Avrupa Basınında Bugün (12 Kasım 2013)
İngiltere Basınıİngiliz gazetelerinin ortak konusu, dün olduğu gibi, bugün de Filipinlerdeki tayfun felaketinin etkileri...
Gazeteler gerek birinci sayfaları gerekse iç sayfalarında aklın sınırlarını zorlayan bir yıkım manzarasından görüntülere yer veriyor.
Independent tayfundan en şiddetli etkilenen Tacloban kentinde, her bir binanın, her bir evin yıkıldığını aktarıyor.
Financial Times manşetinde ülkede "milli felaket" ilan edildiğini bildiriyor.
Times bir Filipinlinin şu sözlerini aktarıyor: "rüzgara hazırlıklıydık ama su duvarına değil"...
Gazete ayrıca, "benzer bir fırtına İngiltere'yi vursa ne yapardık" sorusuna da yanıt arıyor.

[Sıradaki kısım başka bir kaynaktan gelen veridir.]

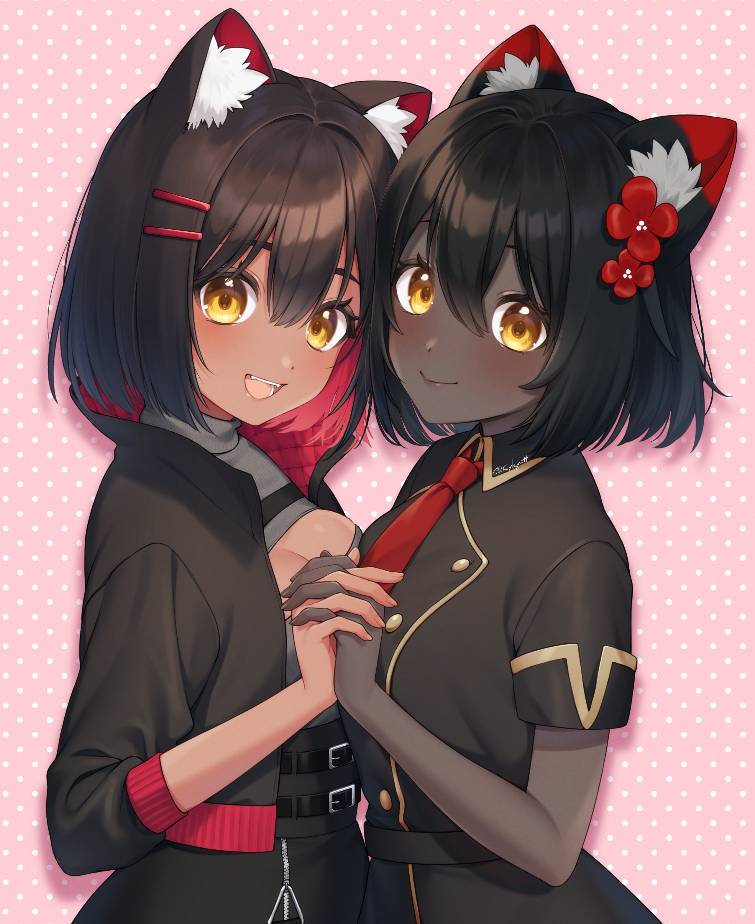 2girls absurdres animal_ear_fluff animal_ears black_hair black_jacket black_shirt blush breasts closed_mouth dark-skinned_female dark_skin flower hair_between_eyes hair_flower hair_ornament hairclip highres indie_virtual_youtuber jacket looking_at_viewer medium_breasts multiple_girls open_mouth pink_background sakura_chiyo_(konachi000) sakuraba_chiyo shirt short_hair smile very_dark_skin virtual_youtuber yellow_eyes

Guardian felaket sahasından "ölüm, korku ve insanlık" öyküleri aktarıyor.
Daily Telegraph da tayfunun yerle bir ettiği yerlerde kaosun hakim olduğunu, yaygın yağmalamalar yaşandığını yazıyor.

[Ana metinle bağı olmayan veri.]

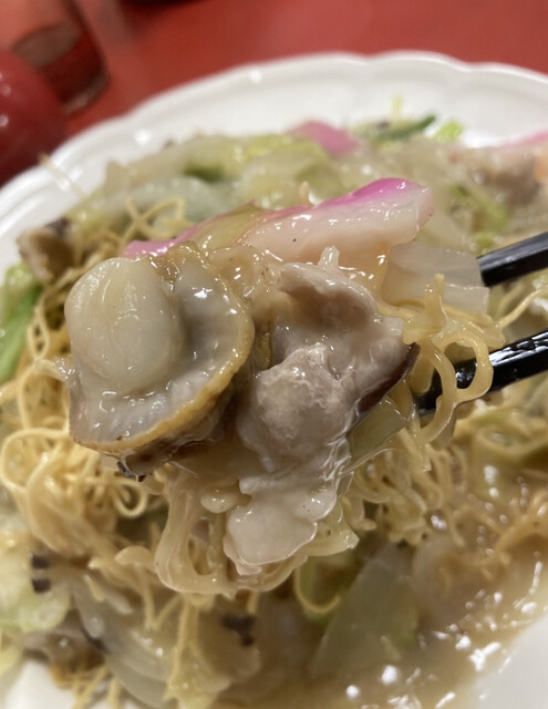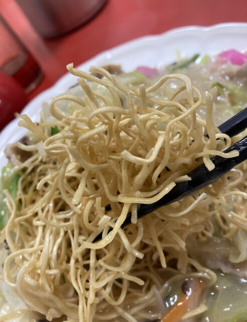 甘めの具沢山の餡がたっぷりに、ここの特製皿うどんは「麺」がスゴく旨い!!

İran'ın dini liderinin dünyevi güç kaynağı
Independent İran'ın dini lideri Ali Hamaney'in 95 milyar dolarlık bir "iş imparatorluğunu" yönettiğini yazıyor.

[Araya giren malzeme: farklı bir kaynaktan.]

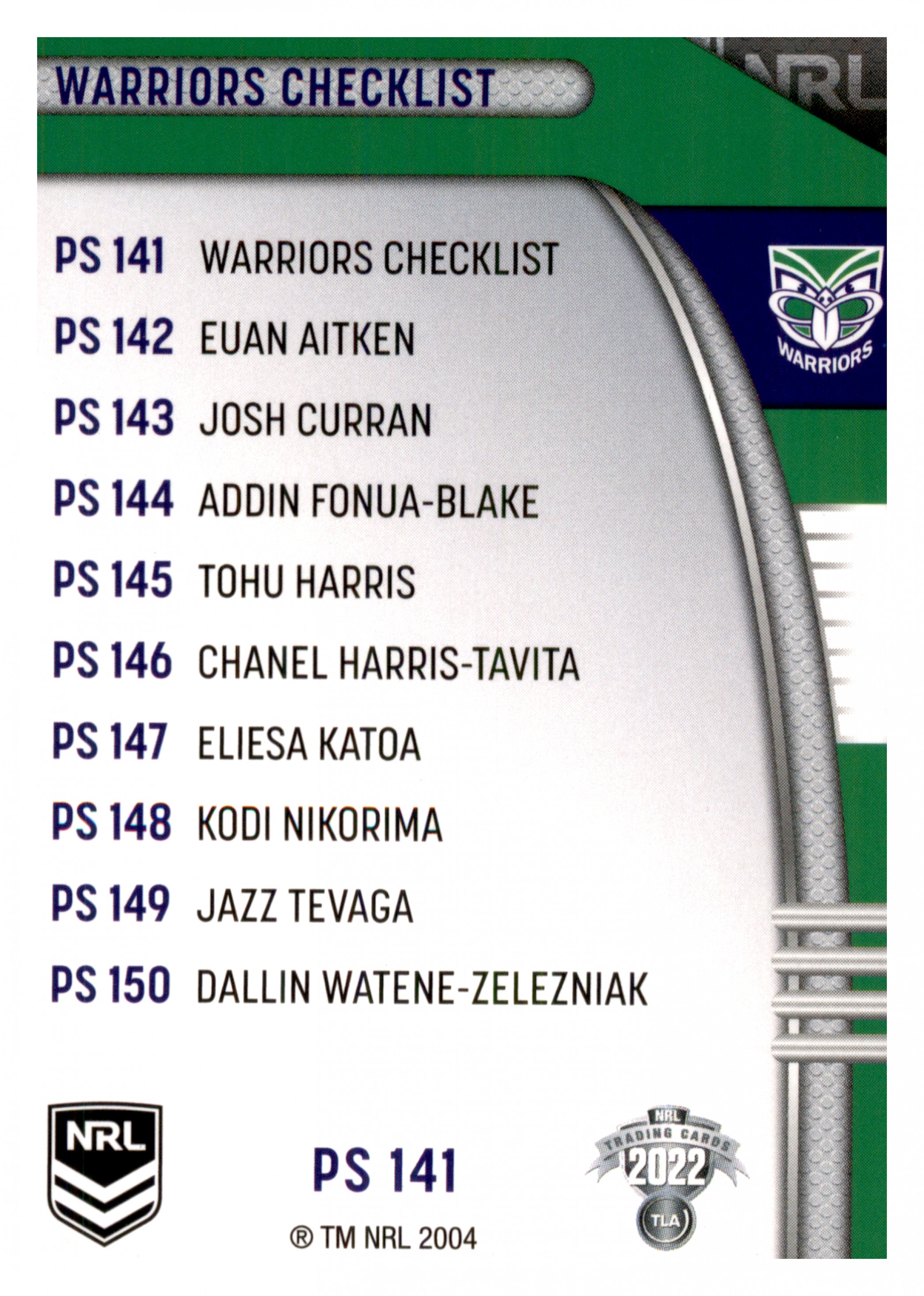 2022 TLA NRL TRADERS PARALLEL PEARL SILVER CARD PS141 NEW ZEALAND WARRIORS CHECKLIST LOGO

Gazeteye göre, pek bilnmeyen Setad adlı bu şirket, Hamaney'in gücünün temeli.
Bir çok alanda yatırımı olan bu topluluğun sırdan İranlıların mal varlığına el konarak kurulduğu ileri sürülüyor.
İran İslam Cumhuriyeti'nin kurucusu Ayetullah Humeyni'nin imzasıyla kurulan şirket, devrim yıllarının kaos ortamında, fakirler ve gazilere yardım için iki yıllığına kurulmuş.
Ama günümüzde değeri 95 milyar doları bulan şirketin hayır işlerine ne kadar para ayırdığı bilinmiyor.
Suriye'de savaşan Türk gençler
Guardian Suriye'deki çatışmalarda uluslararası gündemin ön sıralarında olmayan bir konuya dikkat çekiyor: Türkiye'den Suriye'de savaşmaya giden gençler...
Gazete, Türkiye'den bir çok gencin, el Kaide tarafından Suriye'de jihad saflarına çekildiğini yazıyor.
Ana babalar da çaresizlik içinde çocuklarını arıyor.
Guardian bunlardan biri olan Fatih Yıldız'ın öyküsünü aktarıyor.
İki oğlu el Kaide tarafından jihada katılmaya ikna edilen Fatih Yıldız, çocuklarının izini sonunda, Halep yakınlarındaki bir gerilla kampında bulmuş.
Yıldız, Trabzonlu olduğu ileri sürülen, yerel el Kaide komutanından çocuklarını kendisine teslim etmesini istemiş.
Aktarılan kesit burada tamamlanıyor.